Invoking Additional Bandwidth
Given the relatively low net bandwidth of the Internet service due
to the low bandwidth of the D-Channel (16 kbps total with 9600 bps
guaranteed X.25 frame throughput) and the protocol encapsulation,
TCP/IP over the D-Channel X.25 has limited applications. However,
there are significant application domains where the low-bandwidth,
always-available are useful such as
* basic ASCII email services,
* news feeds, and
* automated data collection.
Using BACP to Increase Bandwidth
To increase the overall bandwidth beyond low-bandwidth of the D-
Channel X.25 circuit, BACP messages are used to signal when Bearer
Channels should be added to the link bundle. The B-Channels are
invoked to temporarily boost data throughput, then the B-Channels
are disconnected. This mode of operation statistically multiplexes
the switch fabric and inter-office trunk lines across more users,
thus reducing the traffic impact to the wide area network. Using
the B-Channels for bandwidth-on-demand is good for both the Local
Exchange Carrier and the Internet service provider as compared to
having users "camp on" a Bearer Channel.
AO/DI discourages X.25 spoofing (similar to the current method for
spoofing ISDN B-Channel and modem dial-up connections) because 1)

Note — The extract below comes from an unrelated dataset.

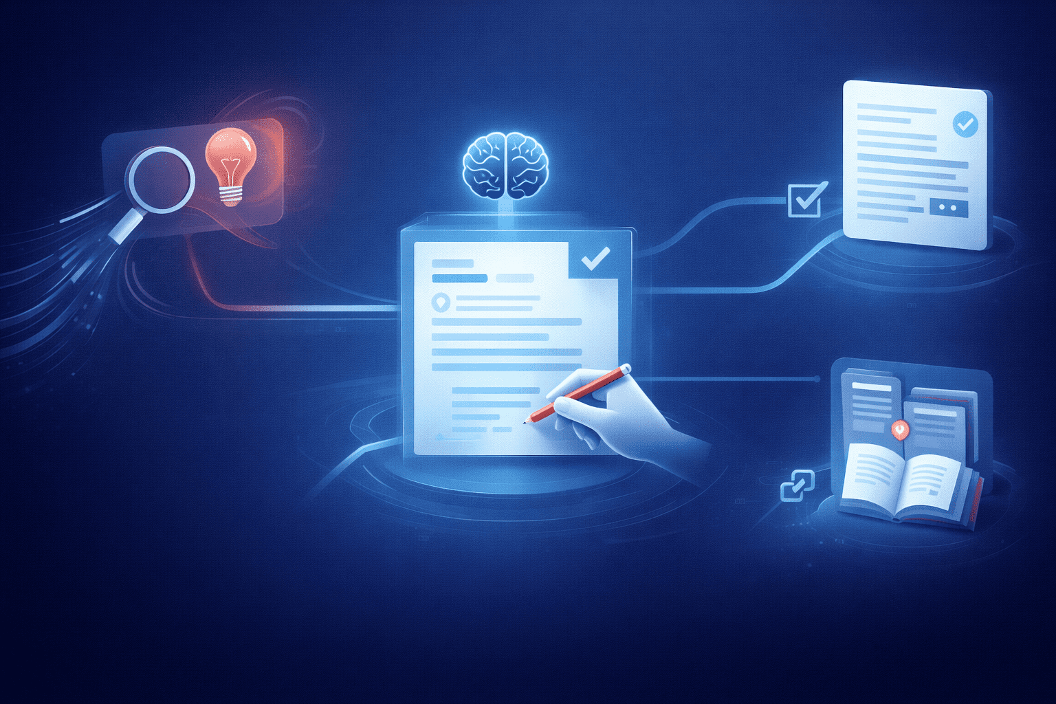 - Revisão humana (coerência, precisão, tom, duplicidade)

this is contrary to the design goals for AO/DI to provide constant
connectivity without further intervention of the applications or the
operating system, 2) X.25 spoofing is likely to create excessive
numbers of X.25 setup messages which can degrade the network and
increase the costs to the user, and 3) as distributed applications
become more common, spoofing will become much less useful as
connections will tend to last longer.
This recommendation makes it possible for users to operate AO/DI
capable protocol stacks even when the user's ISDN network interface
card does not support AO/DI, or if the user does not have an AO/DI
service due either to lack of facilities at the users ISP and/or at
the LEC.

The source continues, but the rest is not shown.